⟨

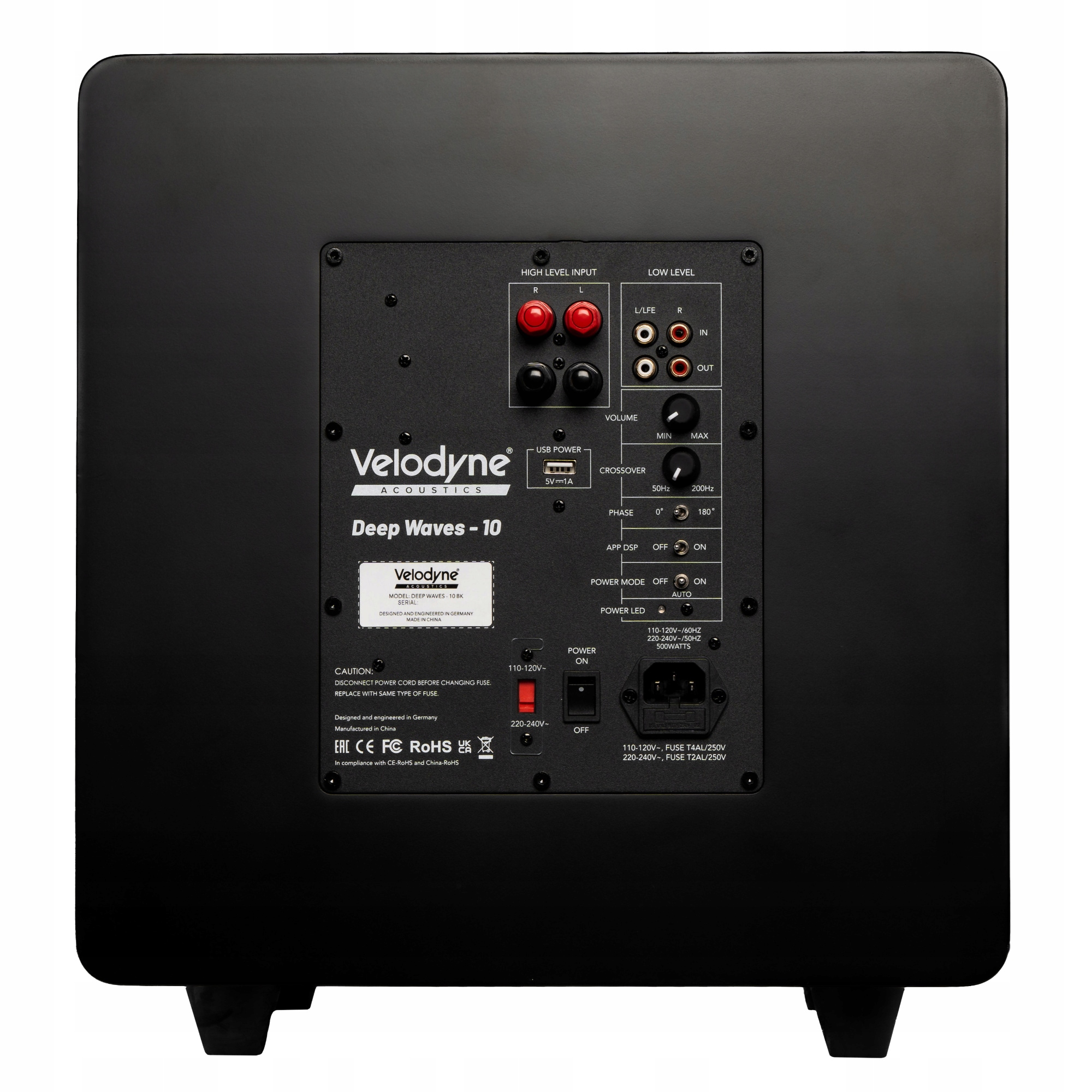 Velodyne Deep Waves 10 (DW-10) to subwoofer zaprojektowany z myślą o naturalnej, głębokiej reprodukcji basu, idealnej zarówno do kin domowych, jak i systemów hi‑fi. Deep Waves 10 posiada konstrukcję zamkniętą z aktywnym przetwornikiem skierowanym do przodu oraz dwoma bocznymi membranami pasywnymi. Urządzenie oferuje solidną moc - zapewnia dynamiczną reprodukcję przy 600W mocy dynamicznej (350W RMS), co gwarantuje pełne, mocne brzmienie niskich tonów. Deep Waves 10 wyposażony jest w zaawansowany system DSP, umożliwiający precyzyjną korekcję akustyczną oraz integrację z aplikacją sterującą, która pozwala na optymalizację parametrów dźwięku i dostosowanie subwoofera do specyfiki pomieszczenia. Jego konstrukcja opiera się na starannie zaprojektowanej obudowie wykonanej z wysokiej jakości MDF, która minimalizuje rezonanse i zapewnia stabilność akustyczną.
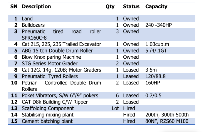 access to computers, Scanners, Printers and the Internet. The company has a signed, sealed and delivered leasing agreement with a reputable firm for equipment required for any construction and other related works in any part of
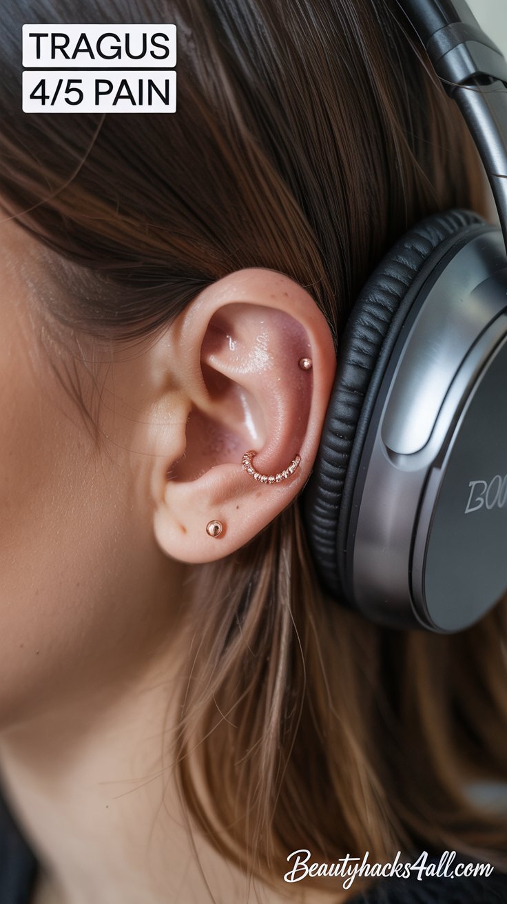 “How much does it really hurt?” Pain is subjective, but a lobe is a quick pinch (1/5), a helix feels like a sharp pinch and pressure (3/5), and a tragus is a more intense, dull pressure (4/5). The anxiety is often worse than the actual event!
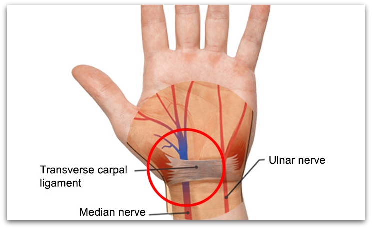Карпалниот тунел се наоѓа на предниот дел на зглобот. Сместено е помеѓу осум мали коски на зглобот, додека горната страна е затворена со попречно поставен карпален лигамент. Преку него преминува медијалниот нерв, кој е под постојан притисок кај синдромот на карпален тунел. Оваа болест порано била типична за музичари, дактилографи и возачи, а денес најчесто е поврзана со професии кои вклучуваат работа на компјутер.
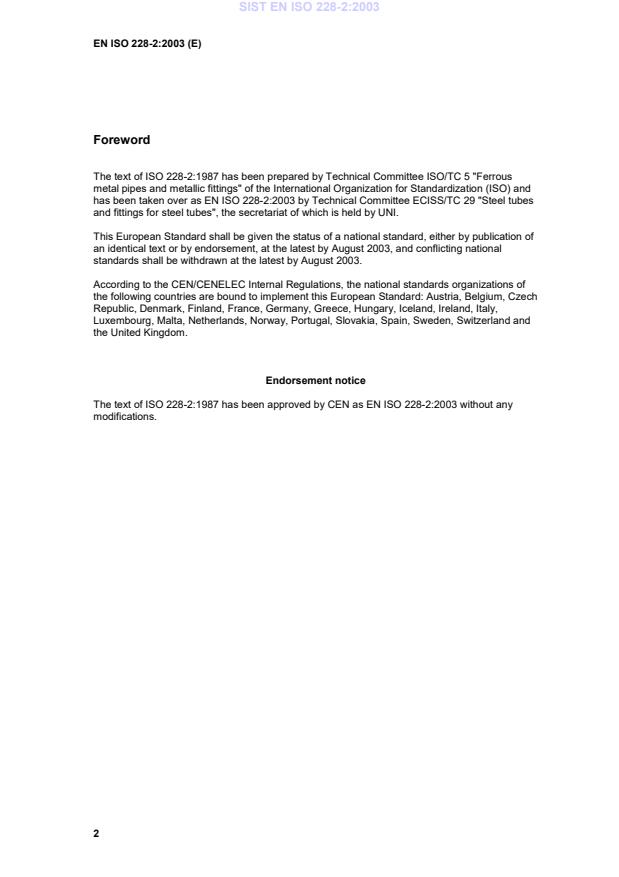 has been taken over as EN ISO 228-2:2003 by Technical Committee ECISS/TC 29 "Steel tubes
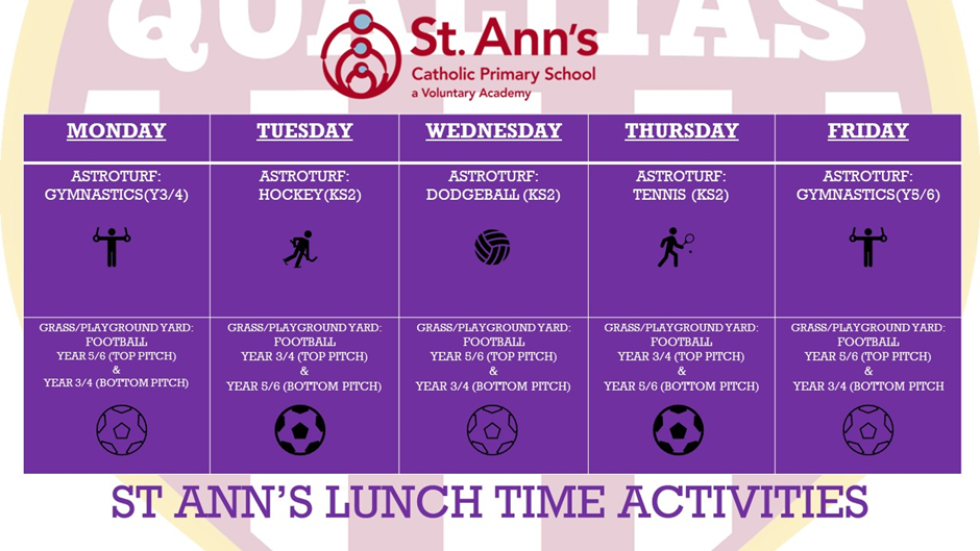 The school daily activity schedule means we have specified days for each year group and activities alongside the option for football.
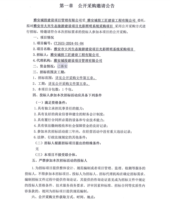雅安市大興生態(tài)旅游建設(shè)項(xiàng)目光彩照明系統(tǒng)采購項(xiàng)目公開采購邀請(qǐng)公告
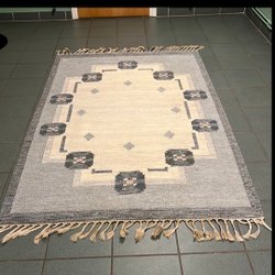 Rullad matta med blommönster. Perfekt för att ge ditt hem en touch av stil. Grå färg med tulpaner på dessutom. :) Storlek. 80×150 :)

⟩
⟨

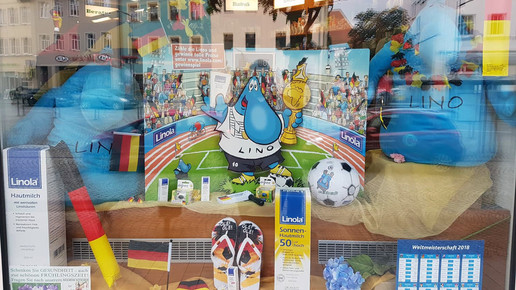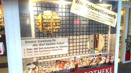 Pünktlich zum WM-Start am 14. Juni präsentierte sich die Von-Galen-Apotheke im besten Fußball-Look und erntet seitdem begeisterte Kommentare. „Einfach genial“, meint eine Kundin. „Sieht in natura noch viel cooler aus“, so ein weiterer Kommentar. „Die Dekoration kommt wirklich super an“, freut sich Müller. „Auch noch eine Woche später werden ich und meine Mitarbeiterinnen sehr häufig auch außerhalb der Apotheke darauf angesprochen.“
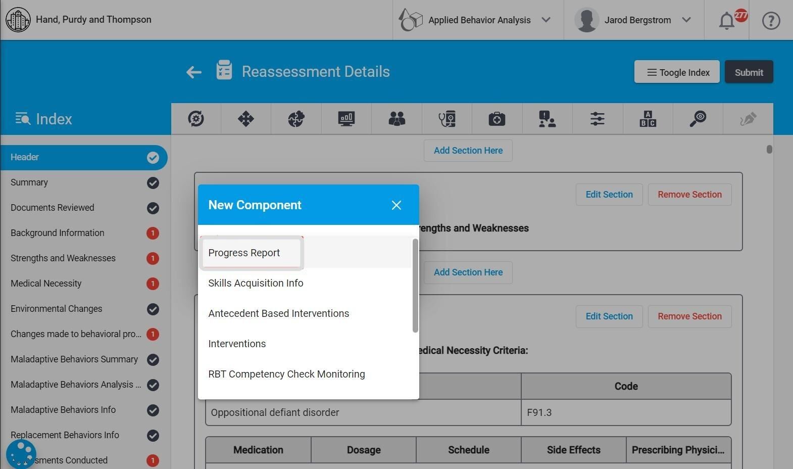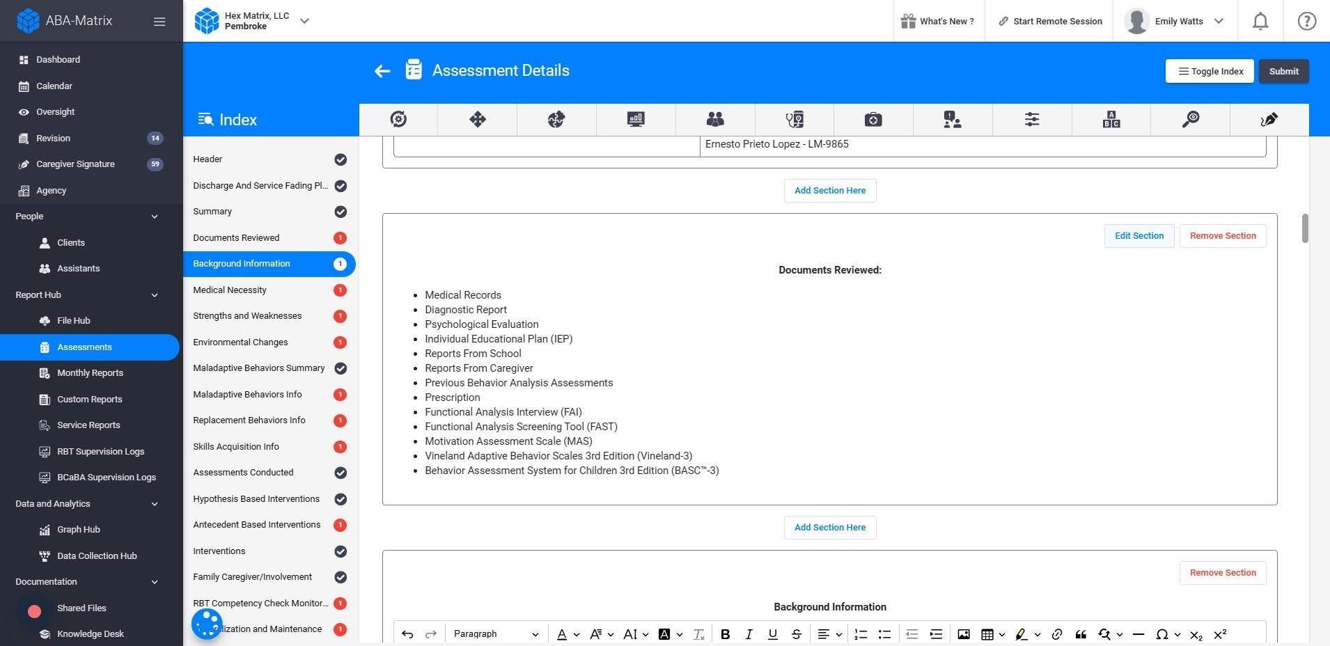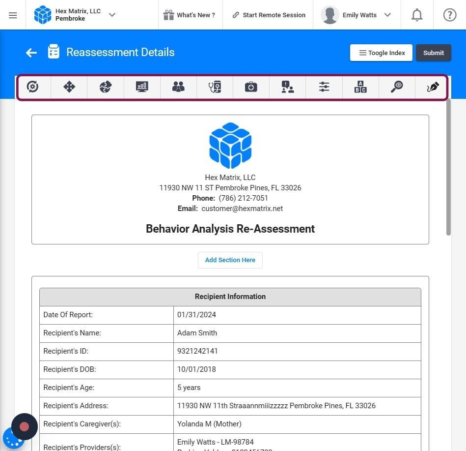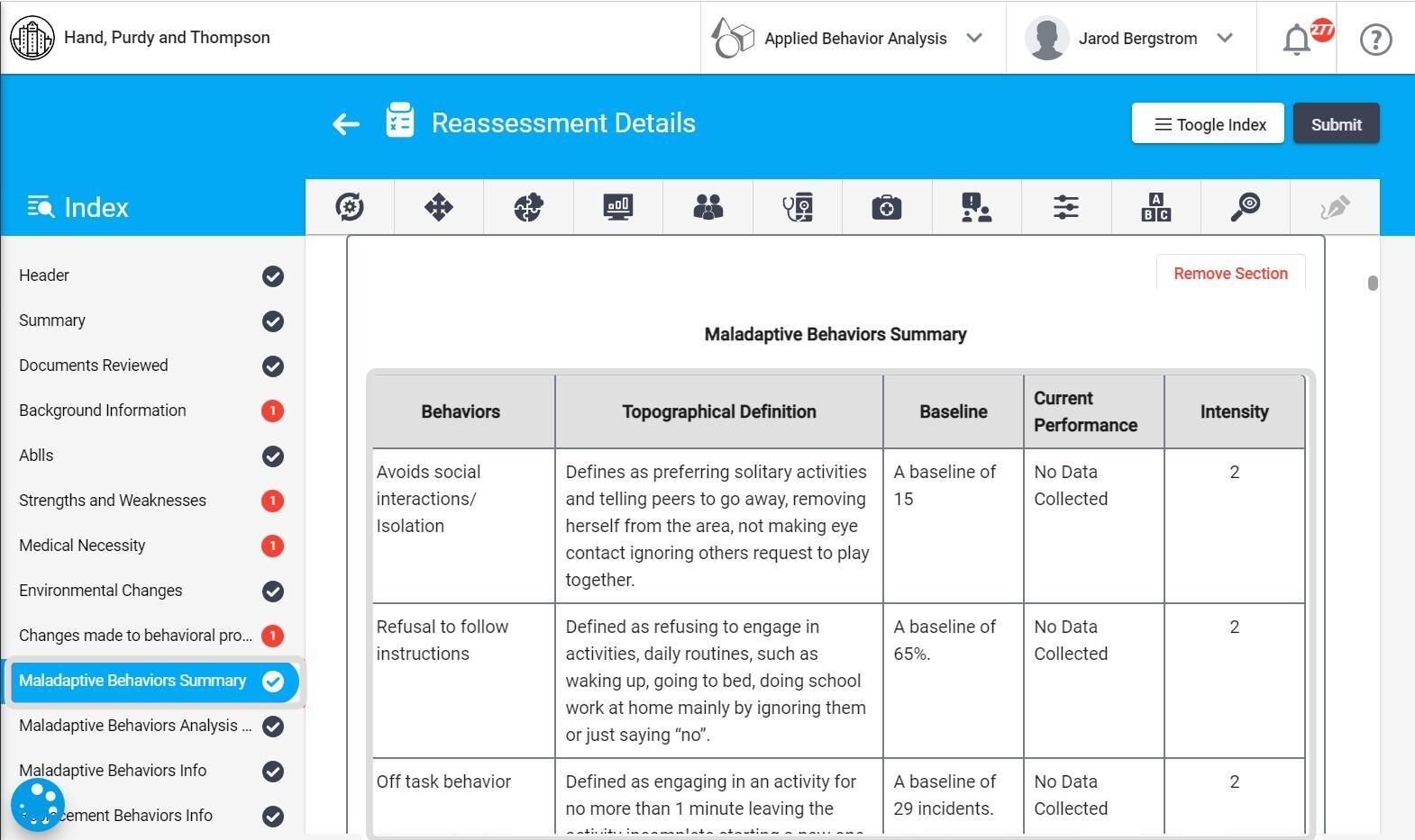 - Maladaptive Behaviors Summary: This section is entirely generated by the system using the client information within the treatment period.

⟩
⟨

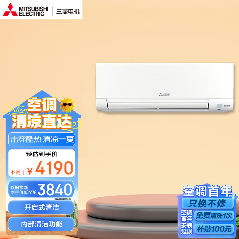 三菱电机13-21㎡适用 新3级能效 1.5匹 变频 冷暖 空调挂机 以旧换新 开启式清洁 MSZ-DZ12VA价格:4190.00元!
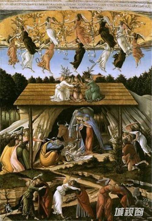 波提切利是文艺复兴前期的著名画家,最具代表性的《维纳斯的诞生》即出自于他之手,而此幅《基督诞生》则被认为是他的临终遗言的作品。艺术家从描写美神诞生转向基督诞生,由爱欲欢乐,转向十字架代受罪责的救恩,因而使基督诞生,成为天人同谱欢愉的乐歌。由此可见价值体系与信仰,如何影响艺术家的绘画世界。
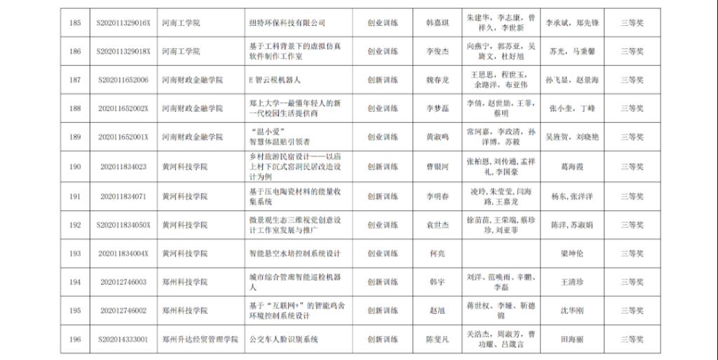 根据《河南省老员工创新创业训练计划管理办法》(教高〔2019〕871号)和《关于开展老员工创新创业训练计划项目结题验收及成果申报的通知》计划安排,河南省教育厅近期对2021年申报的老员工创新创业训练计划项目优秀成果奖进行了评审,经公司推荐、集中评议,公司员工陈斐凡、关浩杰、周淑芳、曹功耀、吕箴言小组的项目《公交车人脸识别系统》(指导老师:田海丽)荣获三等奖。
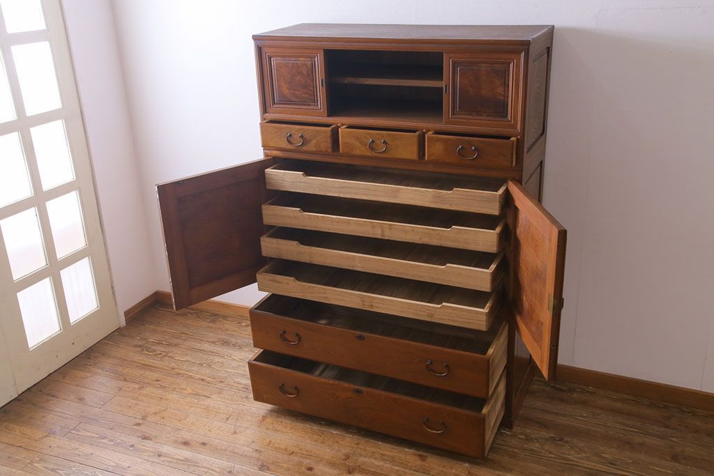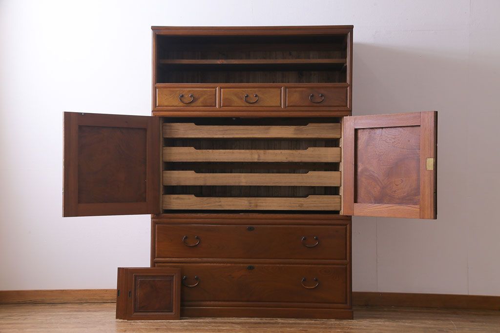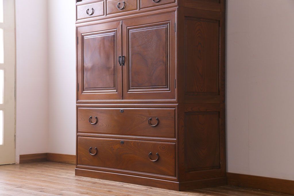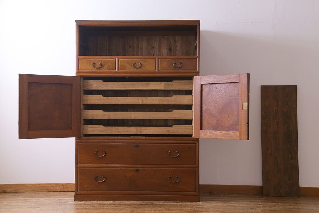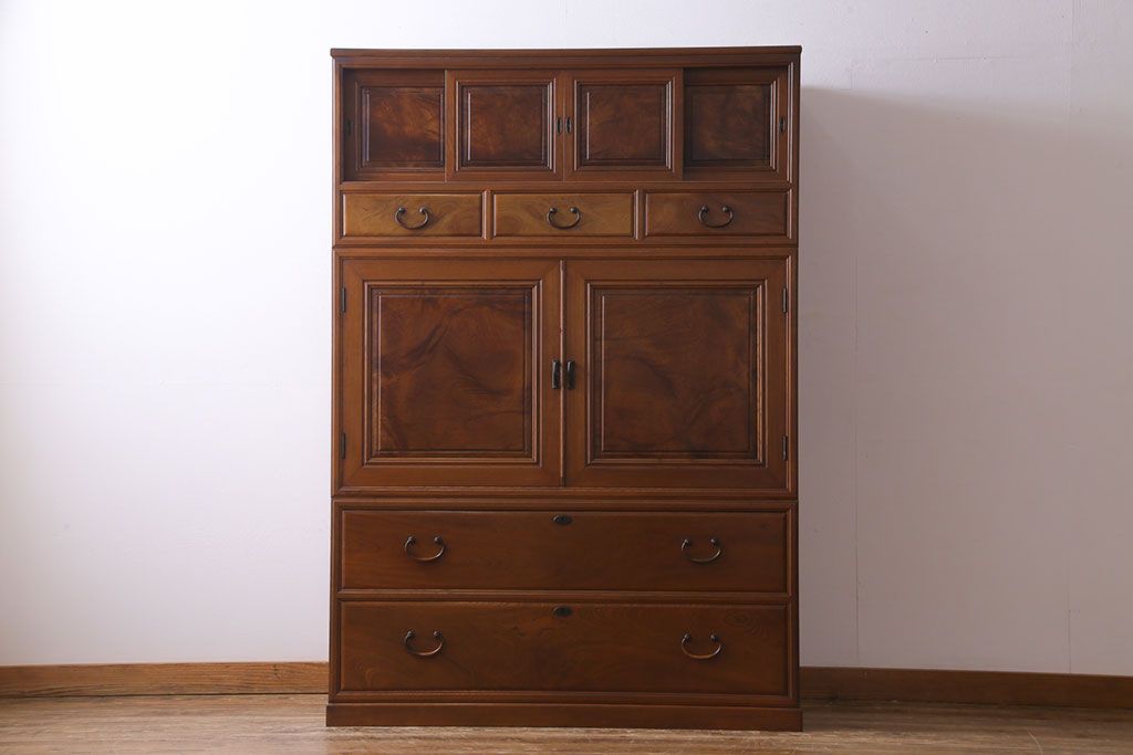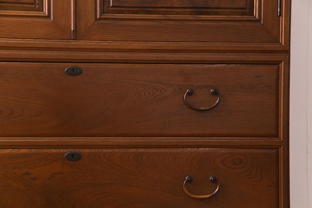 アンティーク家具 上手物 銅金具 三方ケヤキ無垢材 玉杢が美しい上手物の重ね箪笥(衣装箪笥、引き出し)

⟩

What you have to do: Copy everything above from the line holding "Velodyne Deep Waves" down to the line holding "access to computers, Scanners, Printers", both ends included, exactly as it stands and without the pictures.

Output for this exercise:
 Velodyne Deep Waves 10 (DW-10) to subwoofer zaprojektowany z myślą o naturalnej, głębokiej reprodukcji basu, idealnej zarówno do kin domowych, jak i systemów hi‑fi. Deep Waves 10 posiada konstrukcję zamkniętą z aktywnym przetwornikiem skierowanym do przodu oraz dwoma bocznymi membranami pasywnymi. Urządzenie oferuje solidną moc - zapewnia dynamiczną reprodukcję przy 600W mocy dynamicznej (350W RMS), co gwarantuje pełne, mocne brzmienie niskich tonów. Deep Waves 10 wyposażony jest w zaawansowany system DSP, umożliwiający precyzyjną korekcję akustyczną oraz integrację z aplikacją sterującą, która pozwala na optymalizację parametrów dźwięku i dostosowanie subwoofera do specyfiki pomieszczenia. Jego konstrukcja opiera się na starannie zaprojektowanej obudowie wykonanej z wysokiej jakości MDF, która minimalizuje rezonanse i zapewnia stabilność akustyczną.
 access to computers, Scanners, Printers and the Internet. The company has a signed, sealed and delivered leasing agreement with a reputable firm for equipment required for any construction and other related works in any part of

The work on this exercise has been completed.